Members of the Big Push for Midwives Campaign applaud the publication of the American Association of Birth Centers' landmark National Birth Center Study II in the Journal of Midwifery & Women’s Health.
The national prospective study pointed to excellent outcomes in midwife-led birth centers run by both Certified Professional Midwives and Certified Nurse-Midwives. Seventy-nine birth centers participated in the study, recording data for more than 15,000 prenatal courses and births. For more information and insights, check out the blog posts and alerts from Childbirth Connection, Citizens for Midwifery, Lamaze International's Science and Sensibility and many others about the study.
While it wasn’t intended as a direct comparison of CPM and CNM outcomes in birth centers, the study nevertheless provides solid evidence that the excellent outcomes achieved in these birth centers occurred regardless of whether a CNM, a CPM, or a joint team of both provided the midwifery care. At the same time the study, which was published in a scientific peer-reviewed journal, shows that outcomes are not dependent upon any one particular midwifery certification program or any particular educational pathway to certification.
The Big Push calls on policy makers to focus on the demographics of the more than 15,000 women who participated in the study. The majority of birth center consumers were middle-class white women, confirming the unfortunate reality that women of color and low-income women are much less likely to take advantage of the out-of-hospital birth options that produce such excellent outcomes.
Increasing access to birth centers through section 2301 of the Affordable Care Act, which added birth centers and midwifery care in birth centers as mandatory Medicaid services, as well as access to home birth through federal legislation that would guarantee CPMs as providers of a mandated Medicaid service, are necessary steps to making the midwives model care in both settings accessible to all women.
The first step needs to be continued pushing for licensing for CPMs, the specialists in out-of-hospital maternity care, to legally practice in all fifty states.
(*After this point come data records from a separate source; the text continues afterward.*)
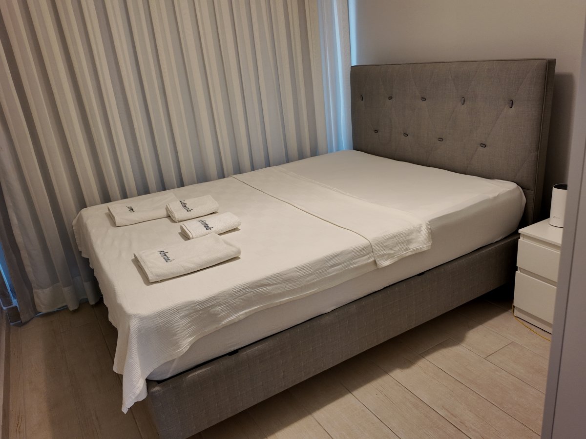 Bedroom has one large double bed and French balcony. Bathroom of the apartment is located between living room and bedroom.
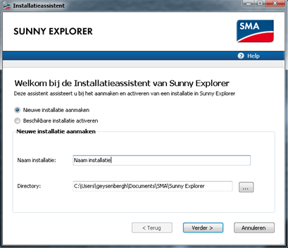 Open het programma Sunny Explorer. Duid aan: Nieuwe installatie aanmaken en klik op Verder.
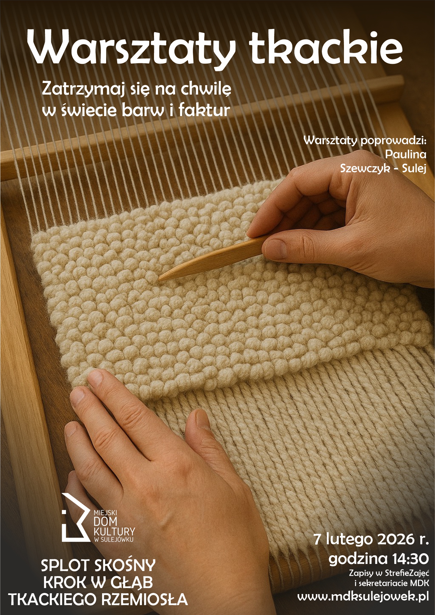 Zapraszamy serdecznie na nasze sobotnie warsztaty tkackie!Podczas zajęć poznasz podstawowe sploty i techniki tkackie, nauczysz się tworzyć własne tkaniny i...
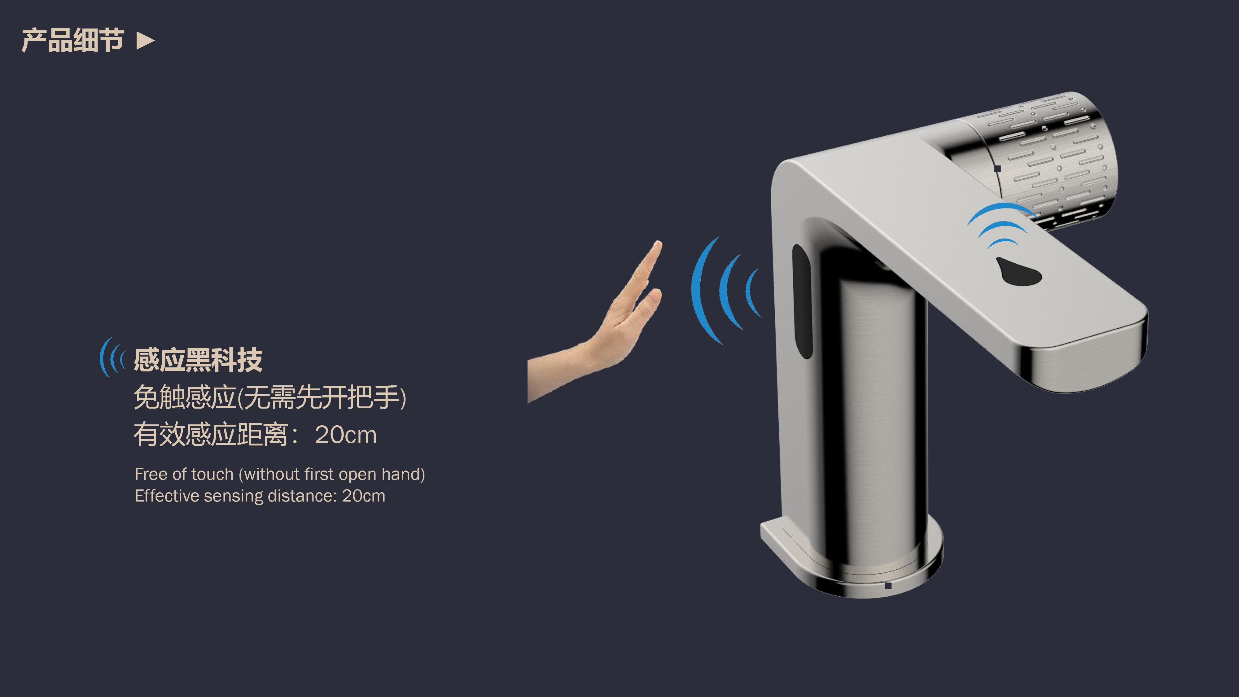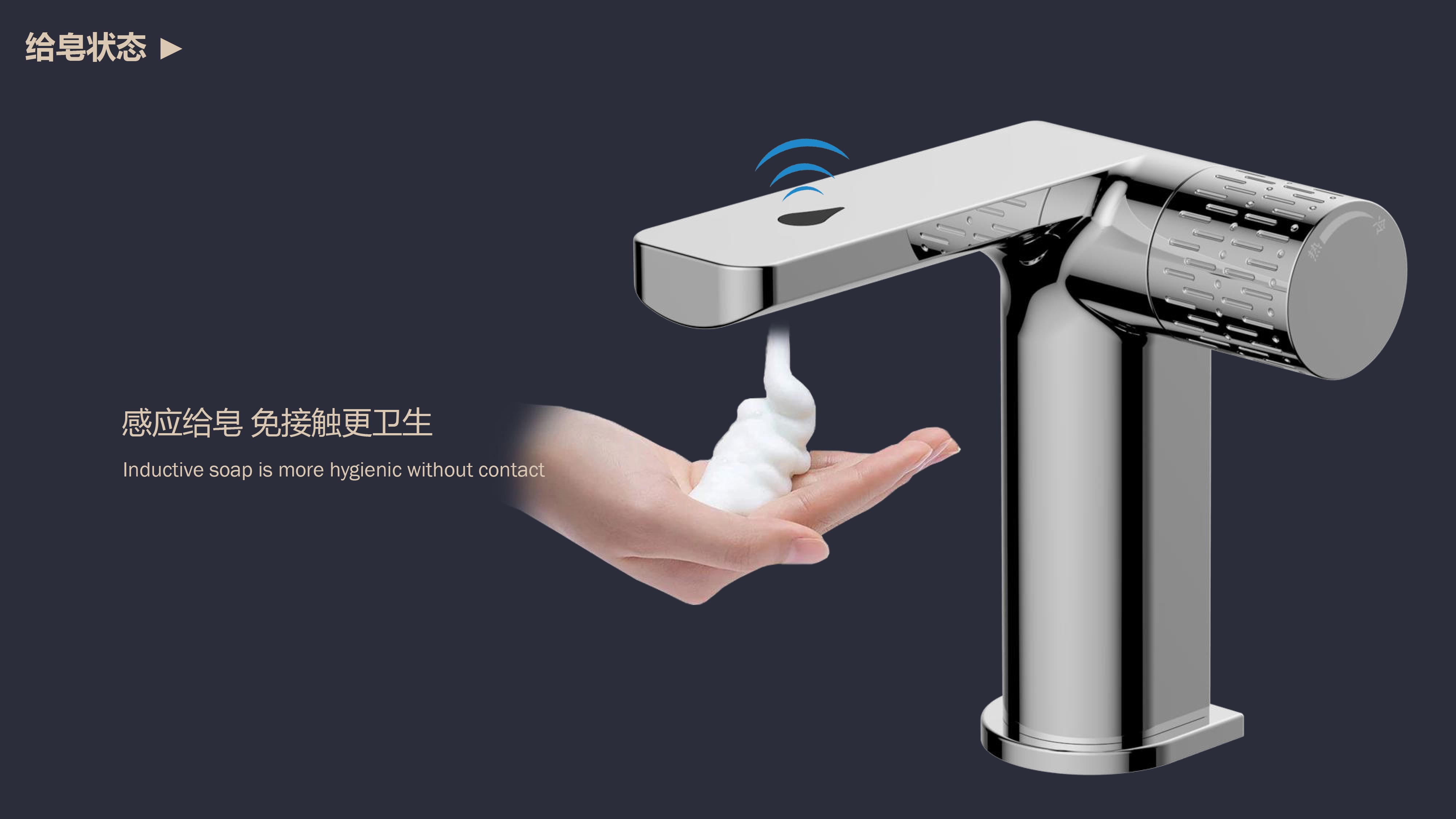 0接觸更健康,感應給皂雙控龍頭;有效感應距離20cm;智能芯片恒溫專利技術(shù);氣泡水觸感細膩不飛濺
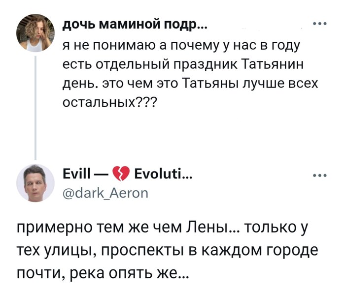 Если бы раннехристианская мученица Татиана Римская, жившая в III веке, могла взглянуть на то, как чтут её память в России, она бы, мягко говоря, удивилась. Вместо смиренных молитв и аскезы — реки медовухи, штурм ресторанов и истошные крики «Халява, приди!» в открытые форточки. Но таковы уж люди: любой серьёзный повод мы умеем превратить в грандиозный праздник жизни. И не сказать, что это плохо.

Unless they are licensed by their state, CPMs cannot be included in Medicaid, Tricare, and other government programs – including the new health insurance exchanges under the Affordable Care Act – that will make midwifery care accessible to all women. This new study should go far to convince state legislators to license midwives and federal policymakers to include CPMs in these payment systems and other federal health care programs.
We are keeping the focus on what really matters, after all – delivering the kind of excellent woman-centered care highlighted in this study to the women to want and need it.